Is this what Greek workers are supposed to pin their hopes on? Instead, Greek workers have a much more effective choice, and one that is actually within their control: force Greece to renounce the debt and leave the Eurozone. Even though Davies recognizes the problem, he is unable to offer a real solution because that would require breaking from the established economic power structure, which he seems incapable of conceiving of, to the point that he doesn't even mention this possibility in his analysis. Further, he looks at this situation entirely from the perspective of policy-makers rather than from that of Greek workers. He never actually mentions workers in his article or acknowledge what the cost of the crisis will be in human terms. So I would say that Davies's support for capitalism does prevent him from imagining an alternate course for Greece.
On Sun, Nov 6, 2011 at 5:10 PM, shaista husain <firstname.lastname@example.org> wrote:
Thank you Doug, but even the most prolific defenders of capital and
writers are speaking about a possible imminent demise of the Eurozone,
Greece only happens to be the most rebellious at the moment (Portugal,
Spain, France are next) the other nations will be in the same
situation shortly. Here is an article by an ex Goldman Sack-head who
writes, "None of the austere budgetary plans which have been announced
during 2011 will achieve their fiscal targets in 2012 in the context
of the recessions which will probably be encountered by many
countries, and that includes France. There is no such thing as
“expansionary austerity”, certainly not in countries which cannot
devalue or reduce their long term interest rates. These countries are
now chasing their own tails.'.."
So wonder what this all entails?
On Sun, Nov 6, 2011 at 4:36 PM, Doug Singsen <email@example.com> wrote:
> This was probably inevitable. All the Greek pro-capitalist parties have now
> merged, leaving the anticapitalist parties of the far left as the only
> political parties outside the "grand coalition" in favor of austerity. The
> anticapitalist parties have been key leaders in the fight against austerity
> and have now achieved unprecedented levels of popular support as a result.
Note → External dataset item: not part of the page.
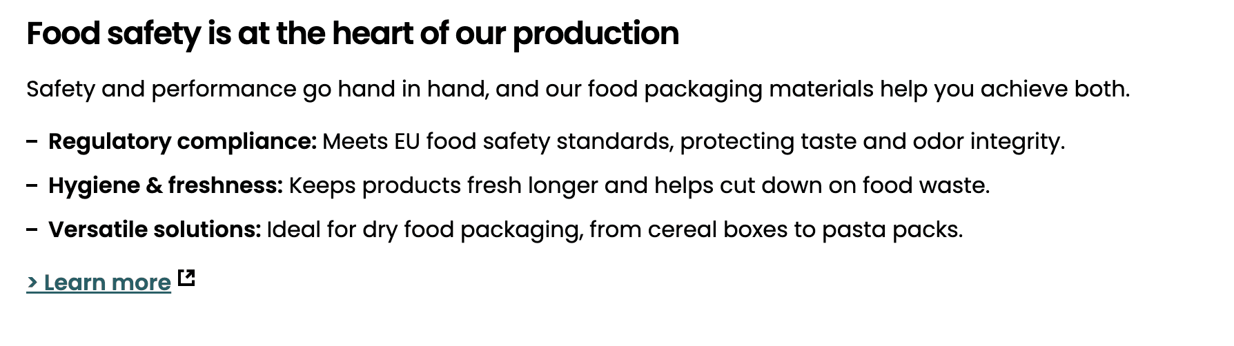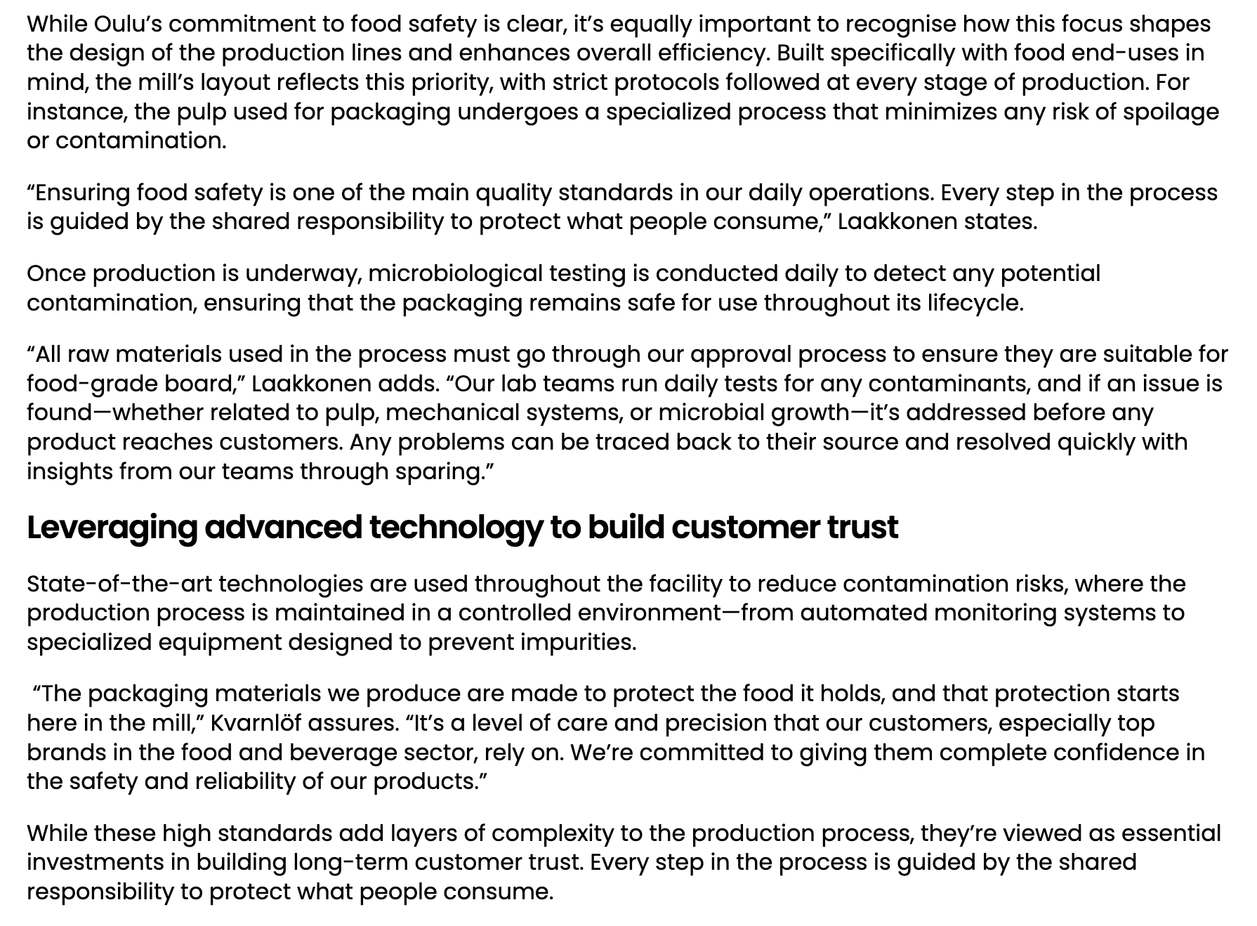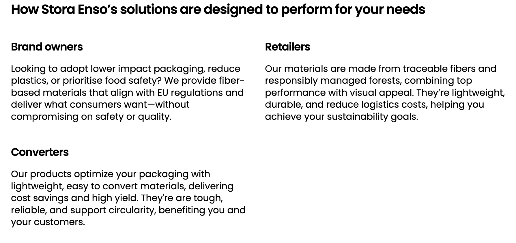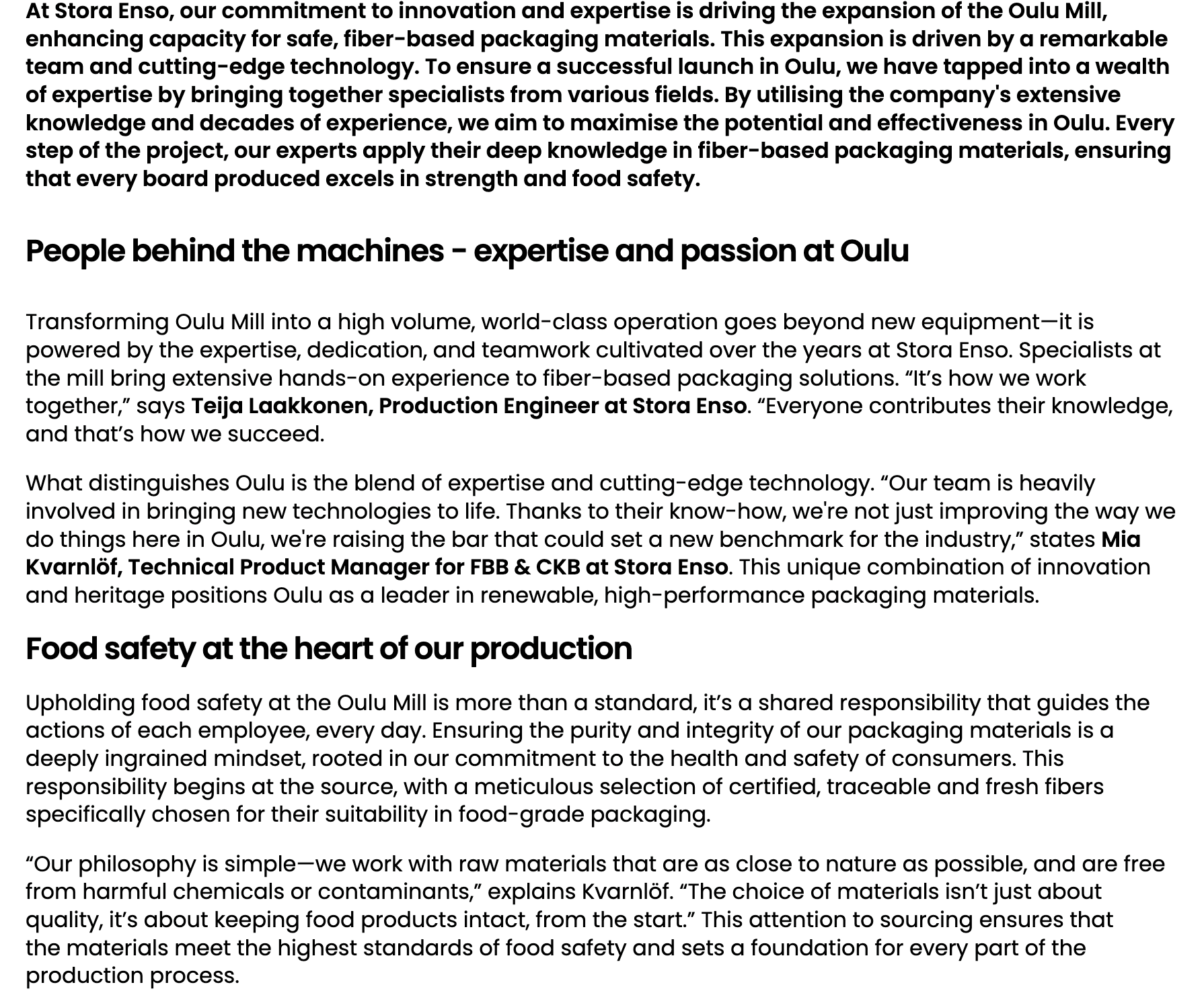 As lead copywriter and editorial strategist on the content programme built around the launch, my work focused on communicating what that capacity meant in practice. A series of product pages across six end-use categories: dry food, frozen and chilled, chocolate and confectionery, beverages, and personal care, translated the mill’s expanded offering into language that felt clear, credible, and commercially relevant for brand owners, retailers, and converters looking to move away from plastic. Alongside this, the Oulu article brought a human dimension to the expansion, the people, the expertise, and the culture of food safety that make the production possible. Together, the work formed a coherent story: that this was not just a milestone for Stora Enso, but a meaningful opportunity for the customers it serves.

> Papandreou's party, PASOK, is supposedly "socialist" but in fact has
> defended the interests of the bankers and speculators over those of Greek
> workers (much like the Democrats in the US). The whole point of slashing
> social services and laying off workers is to cut government expenses so they
> can pay back more of their loans to banks and speculators, whose high
> interest rates helped drive up the Greek debt in the first place. (The other
> major factors in the creation of massive Greek debt were the inability of
> Greek industry to compete with Germany and other European powers, the lack
> of monetary flexibility caused by Greece's entry into the Eurozone, and the
> economic collapse of 2008, which was also caused by the banks and
> speculators. The supposed "laziness" and "overspending" of the Greek
> government that the US media is always talking about are not the real
> economic causes of Greece's crisis, but rather are designed to distract
> attention away from the real causes, which all go back to the interests of
> the banks, international corporations, and speculators.) Unions, most of
> which had previously supported PASOK, are now in the process of breaking
> with PASOK and allying with the anticapitalist left.